• **COLLECTED DATA**:
□ □ □ □
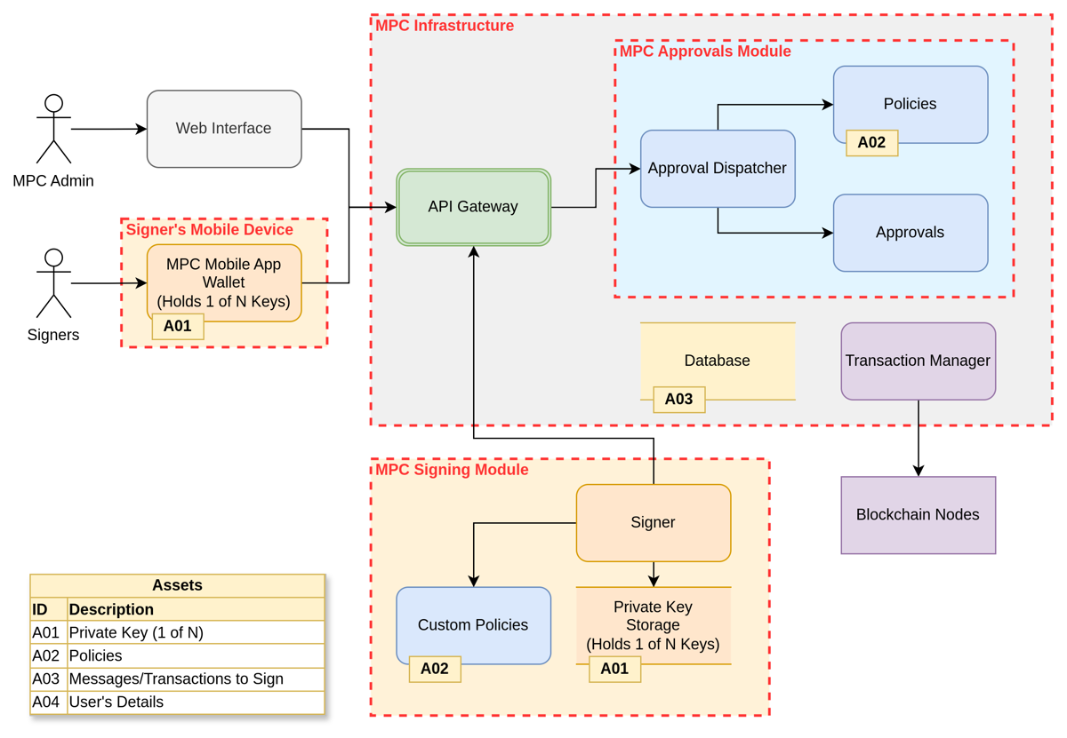 The main difference between this solution and the previous, centralized one, is that the keys are distributed between the approvers and potentially other systems. This architecture eliminates the main potential single point of failure by design (considering a correct MPC implementation), as signing a message requires N of M keys, which are distributed.
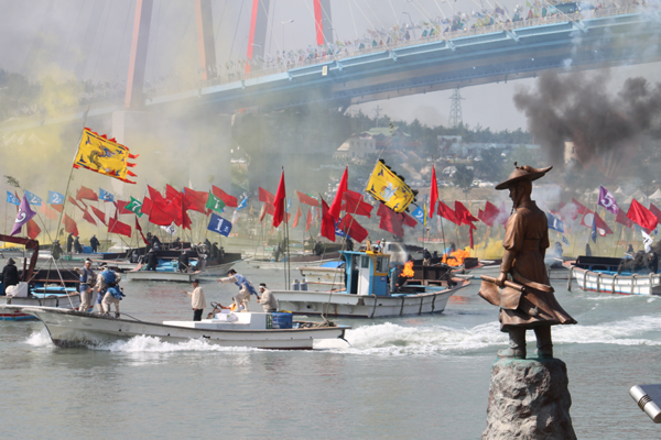명량대첩은 왜란의 위기에서 우리나라를 구한 결정적 계기가 되었고, 전라남도 해남과 진도에서는 이를 기념하고 충무공 이순신과 전라도 민초들의 정신과 얼을 기리기 위해 매년 “명량대첩축제”를 열고 있습니다. 올 해 축제는 ‘회오리 바다 울둘목’을 주제로 전남 해남군 우수영관광지, 진도군 녹진관광지 일원, 그리고 울둘목 일원에서 10월 8일(금)부터 10일(일)까지 3일간 진행됩니다. 지난해보다 훨씬 풍성해진 프로그램과 시민들도 함께 체험하고 참여할 수 있는 다양한 체험프로그램들로 준비되어 있습니다.
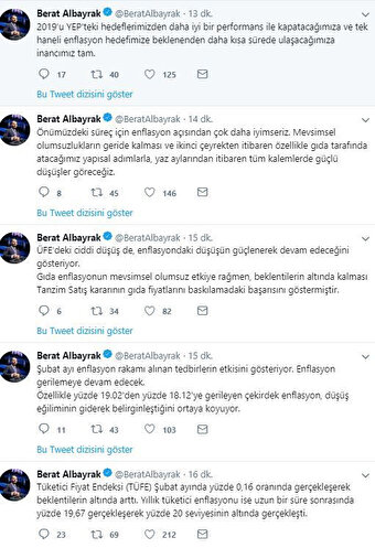 Şubat ayı enflasyon rakamının beklentilerin altında gelmesinin ardından sosyal medya hesabı üzerinden paylaşımlarda bulunan Hazine ve Maliye Bakanı Berat Albayrak, tanzim satış noktalarının gıda fiyatlarını baskıladığını vurgulayarak, ''Şubat ayı enflasyon rakamı alınan tedbirlerin etkisini gösteriyor. Enflasyon gerilemeye devam edecek'' dedi.
□ □ □ □
• **YOUR TASK**:
Return the material word for word, images omitted.

• **YOUR RESPONSE**:
 The main difference between this solution and the previous, centralized one, is that the keys are distributed between the approvers and potentially other systems. This architecture eliminates the main potential single point of failure by design (considering a correct MPC implementation), as signing a message requires N of M keys, which are distributed.
명량대첩은 왜란의 위기에서 우리나라를 구한 결정적 계기가 되었고, 전라남도 해남과 진도에서는 이를 기념하고 충무공 이순신과 전라도 민초들의 정신과 얼을 기리기 위해 매년 “명량대첩축제”를 열고 있습니다. 올 해 축제는 ‘회오리 바다 울둘목’을 주제로 전남 해남군 우수영관광지, 진도군 녹진관광지 일원, 그리고 울둘목 일원에서 10월 8일(금)부터 10일(일)까지 3일간 진행됩니다. 지난해보다 훨씬 풍성해진 프로그램과 시민들도 함께 체험하고 참여할 수 있는 다양한 체험프로그램들로 준비되어 있습니다.
 Şubat ayı enflasyon rakamının beklentilerin altında gelmesinin ardından sosyal medya hesabı üzerinden paylaşımlarda bulunan Hazine ve Maliye Bakanı Berat Albayrak, tanzim satış noktalarının gıda fiyatlarını baskıladığını vurgulayarak, ''Şubat ayı enflasyon rakamı alınan tedbirlerin etkisini gösteriyor. Enflasyon gerilemeye devam edecek'' dedi.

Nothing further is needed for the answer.